Often, p21 is misregulated and plays the opposite role in human cancer. It can also act as an oncogene or a tumor suppressor, because its function was depending on cell types and microenvironment 22. The p21 expression was clearly downregulated in seven NPC cell lines in this study (Fig. 1B), which was confirmed by qRT‐PCR (Fig. 1D). MiR‐17‐5p, belonging to the miR‐17‐92 cluster, was increased in seven NPC cell lines (Fig. 1A) and NPC tissues (Fig. 1C). We also found that p21 expression was inversely correlated with miR‐17‐5p expression (Fig. 1E), implying that miR‐17‐5p may regulate p21 in NPC. Kaplan–Meier plots were used to evaluate the survival differences according to the miR‐17‐5p and p21 expression levels. The low expression levels of miR‐17‐5p or high expression levels of p21 could increase the survival (Fig. 1F; P = 0.014) (Fig. 1G; P = 0.021). Our results show that the high expression levels of miR‐17‐5p or low expression levels of p21 are associated with high death rates from NPC patients.
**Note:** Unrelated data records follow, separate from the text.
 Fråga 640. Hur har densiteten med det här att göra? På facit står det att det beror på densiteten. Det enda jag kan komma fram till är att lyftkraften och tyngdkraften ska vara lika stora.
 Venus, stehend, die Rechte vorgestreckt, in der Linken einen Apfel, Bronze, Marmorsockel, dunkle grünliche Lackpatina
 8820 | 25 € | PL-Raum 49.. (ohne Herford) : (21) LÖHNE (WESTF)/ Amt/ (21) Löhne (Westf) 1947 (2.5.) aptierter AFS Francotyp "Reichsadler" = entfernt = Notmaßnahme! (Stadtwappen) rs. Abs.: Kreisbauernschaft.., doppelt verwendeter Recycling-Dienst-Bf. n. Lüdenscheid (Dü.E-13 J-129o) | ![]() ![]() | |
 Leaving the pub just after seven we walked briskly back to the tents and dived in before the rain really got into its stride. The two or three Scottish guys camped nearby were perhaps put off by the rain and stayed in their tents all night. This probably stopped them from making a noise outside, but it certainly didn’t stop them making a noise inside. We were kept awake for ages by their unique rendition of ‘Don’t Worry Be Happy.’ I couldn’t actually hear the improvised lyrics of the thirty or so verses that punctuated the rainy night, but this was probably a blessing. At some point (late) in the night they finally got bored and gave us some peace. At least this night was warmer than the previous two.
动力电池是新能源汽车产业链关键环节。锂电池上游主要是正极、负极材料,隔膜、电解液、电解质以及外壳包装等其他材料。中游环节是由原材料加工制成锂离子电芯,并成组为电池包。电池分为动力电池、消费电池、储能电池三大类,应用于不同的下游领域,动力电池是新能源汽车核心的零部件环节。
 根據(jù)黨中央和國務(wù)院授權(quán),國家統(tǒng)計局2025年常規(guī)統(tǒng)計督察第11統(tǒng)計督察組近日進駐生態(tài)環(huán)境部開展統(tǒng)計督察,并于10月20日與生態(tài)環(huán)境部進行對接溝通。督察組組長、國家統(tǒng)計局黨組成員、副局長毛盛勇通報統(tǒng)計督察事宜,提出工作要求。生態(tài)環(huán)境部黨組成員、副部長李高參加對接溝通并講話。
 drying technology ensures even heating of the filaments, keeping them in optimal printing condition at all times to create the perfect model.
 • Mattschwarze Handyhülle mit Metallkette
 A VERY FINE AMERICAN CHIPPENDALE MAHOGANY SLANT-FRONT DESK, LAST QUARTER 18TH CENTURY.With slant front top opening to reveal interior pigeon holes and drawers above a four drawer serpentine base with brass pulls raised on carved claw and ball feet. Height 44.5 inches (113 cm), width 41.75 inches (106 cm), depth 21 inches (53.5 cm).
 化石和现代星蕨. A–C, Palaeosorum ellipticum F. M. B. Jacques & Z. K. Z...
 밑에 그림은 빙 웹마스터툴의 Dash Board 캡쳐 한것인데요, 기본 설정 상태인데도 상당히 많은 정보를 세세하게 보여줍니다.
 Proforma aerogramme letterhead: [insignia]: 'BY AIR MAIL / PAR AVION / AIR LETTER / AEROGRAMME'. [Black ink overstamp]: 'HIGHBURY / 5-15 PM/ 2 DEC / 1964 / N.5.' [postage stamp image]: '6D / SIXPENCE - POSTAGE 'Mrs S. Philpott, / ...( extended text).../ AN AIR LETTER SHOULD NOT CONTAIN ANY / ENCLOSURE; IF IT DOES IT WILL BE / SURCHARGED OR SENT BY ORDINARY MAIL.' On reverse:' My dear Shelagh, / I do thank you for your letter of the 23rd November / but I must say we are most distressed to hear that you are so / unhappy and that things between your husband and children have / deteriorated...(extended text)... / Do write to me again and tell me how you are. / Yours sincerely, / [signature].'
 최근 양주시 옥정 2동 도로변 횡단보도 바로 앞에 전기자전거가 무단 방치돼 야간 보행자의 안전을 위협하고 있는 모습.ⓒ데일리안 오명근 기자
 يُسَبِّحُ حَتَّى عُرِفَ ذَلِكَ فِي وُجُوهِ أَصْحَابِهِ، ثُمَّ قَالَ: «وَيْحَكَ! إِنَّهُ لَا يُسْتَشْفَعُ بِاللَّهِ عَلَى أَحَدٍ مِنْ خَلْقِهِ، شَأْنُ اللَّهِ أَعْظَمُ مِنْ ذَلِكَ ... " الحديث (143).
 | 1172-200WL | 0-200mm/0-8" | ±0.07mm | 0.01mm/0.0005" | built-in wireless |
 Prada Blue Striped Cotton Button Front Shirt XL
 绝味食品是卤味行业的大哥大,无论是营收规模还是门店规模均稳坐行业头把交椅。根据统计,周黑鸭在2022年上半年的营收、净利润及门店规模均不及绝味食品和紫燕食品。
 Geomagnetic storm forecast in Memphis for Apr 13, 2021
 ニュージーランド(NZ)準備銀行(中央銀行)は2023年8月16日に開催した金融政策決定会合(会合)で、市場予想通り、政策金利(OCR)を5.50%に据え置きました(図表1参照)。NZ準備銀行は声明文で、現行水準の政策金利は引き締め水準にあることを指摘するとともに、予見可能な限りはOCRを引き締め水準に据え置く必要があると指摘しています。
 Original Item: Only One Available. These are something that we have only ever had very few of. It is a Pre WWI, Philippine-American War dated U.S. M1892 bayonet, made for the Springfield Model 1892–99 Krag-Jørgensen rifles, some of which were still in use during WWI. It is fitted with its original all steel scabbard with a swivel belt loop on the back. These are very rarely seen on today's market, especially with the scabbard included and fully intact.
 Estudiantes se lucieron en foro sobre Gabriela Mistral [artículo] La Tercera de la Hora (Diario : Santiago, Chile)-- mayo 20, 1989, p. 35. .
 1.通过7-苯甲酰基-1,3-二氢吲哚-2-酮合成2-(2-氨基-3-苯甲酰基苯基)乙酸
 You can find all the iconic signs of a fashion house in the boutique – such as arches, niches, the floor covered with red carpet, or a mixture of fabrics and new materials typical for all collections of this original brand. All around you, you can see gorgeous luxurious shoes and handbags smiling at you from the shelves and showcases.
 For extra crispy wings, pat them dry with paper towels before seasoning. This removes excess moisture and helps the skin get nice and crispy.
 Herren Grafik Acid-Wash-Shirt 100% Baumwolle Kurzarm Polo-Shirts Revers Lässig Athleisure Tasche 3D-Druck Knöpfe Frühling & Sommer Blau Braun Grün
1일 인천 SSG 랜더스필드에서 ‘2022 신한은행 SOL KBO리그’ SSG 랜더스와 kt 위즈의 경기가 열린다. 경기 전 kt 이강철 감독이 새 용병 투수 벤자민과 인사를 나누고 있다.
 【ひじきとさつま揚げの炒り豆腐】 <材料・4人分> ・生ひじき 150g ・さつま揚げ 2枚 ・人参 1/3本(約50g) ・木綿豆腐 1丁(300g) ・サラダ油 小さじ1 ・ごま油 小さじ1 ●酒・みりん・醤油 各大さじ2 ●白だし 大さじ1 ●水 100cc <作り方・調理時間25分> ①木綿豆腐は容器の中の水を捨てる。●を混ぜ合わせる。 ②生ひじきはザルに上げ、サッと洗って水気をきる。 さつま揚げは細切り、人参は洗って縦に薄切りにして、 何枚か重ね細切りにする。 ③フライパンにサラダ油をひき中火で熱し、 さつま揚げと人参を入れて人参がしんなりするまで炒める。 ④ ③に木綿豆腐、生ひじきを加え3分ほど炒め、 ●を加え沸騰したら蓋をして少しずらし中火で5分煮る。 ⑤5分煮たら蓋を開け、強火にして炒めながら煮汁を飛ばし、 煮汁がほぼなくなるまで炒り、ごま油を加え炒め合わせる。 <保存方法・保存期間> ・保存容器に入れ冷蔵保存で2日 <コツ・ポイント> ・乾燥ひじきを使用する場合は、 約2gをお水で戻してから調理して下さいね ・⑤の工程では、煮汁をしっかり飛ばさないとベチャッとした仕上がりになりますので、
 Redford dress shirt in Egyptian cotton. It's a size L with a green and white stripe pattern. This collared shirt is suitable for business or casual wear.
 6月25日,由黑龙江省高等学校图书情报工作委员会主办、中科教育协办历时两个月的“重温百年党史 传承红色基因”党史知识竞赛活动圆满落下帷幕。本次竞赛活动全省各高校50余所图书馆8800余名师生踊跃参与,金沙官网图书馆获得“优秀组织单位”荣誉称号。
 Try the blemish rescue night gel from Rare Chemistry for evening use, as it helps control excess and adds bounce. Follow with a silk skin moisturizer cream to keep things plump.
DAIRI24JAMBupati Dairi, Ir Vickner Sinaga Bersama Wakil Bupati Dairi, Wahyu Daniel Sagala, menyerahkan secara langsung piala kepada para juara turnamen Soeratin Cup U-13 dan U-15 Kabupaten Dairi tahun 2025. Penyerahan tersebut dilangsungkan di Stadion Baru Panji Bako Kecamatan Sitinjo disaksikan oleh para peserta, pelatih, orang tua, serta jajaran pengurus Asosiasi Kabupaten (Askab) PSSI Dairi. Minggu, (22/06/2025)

High expression levels of miR‐17‐5p increased cell proliferation in vitro

The expression of miR‐17‐5p was examined in seven NPC cell lines (6‐10B, 5‐8F, CNE2, CNE1, HNE1, HONE1, and C666‐1) and normal nasopharyngeal epithelial cells (NP69) by qRT‐PCR. The results indicated that miR‐17‐5p was significantly overexpressed in NPC cell lines compared to that of NP69, and had the lowest expression levels in CNE1 and HONE1 cell lines (Fig. 1A). Therefore, we chose the two cell lines for subsequent experiments. Previous studies indicated that the expression of miR‐17‐5p in NPC was upregulated 20, 21, but the mechanism of miR‐17‐5p has not been elucidated in NPC. Hence, to assess the biological function of miR‐17‐5p, we established both stable upregulation and inhibition expression of miR‐17‐5p in CNE1 and HONE1 cell lines (Fig. S1 and S2). The overexpression of miR‐17‐5p enhanced the proliferative ability of NPC cells, whereas, on the contrary, downregulation of miR‐17‐5p inhibited cell proliferation (Fig. 2A). This viewpoint is further verified by the cloning experiment, the results of which showed that cells with overexpressing miR‐17‐5p formed more colonies than those of the vector control cells, a difference which was statistically significant; the opposite result was obtained with miR‐17‐5p expression inhibition (Fig. 2B). In addition, we examined the DNA profiles of asynchronous populations of cells overexpressing miR‐17‐5p and the vector control NPC cell lines by flow cytometry. A proportion of cells within the S phase in the miR‐17‐5p overexpression NPC cells was higher than the vector control cell lines, and G1/G0 cell ratio decreased in their cell cycle distribution when compared to the vector control cell lines; miR‐17‐5p expression inhibition decreased the proportion of S phase cells (Fig. 2C). The results show that miR‐17‐5p exerts a promoting role on the proliferation of NPC cells.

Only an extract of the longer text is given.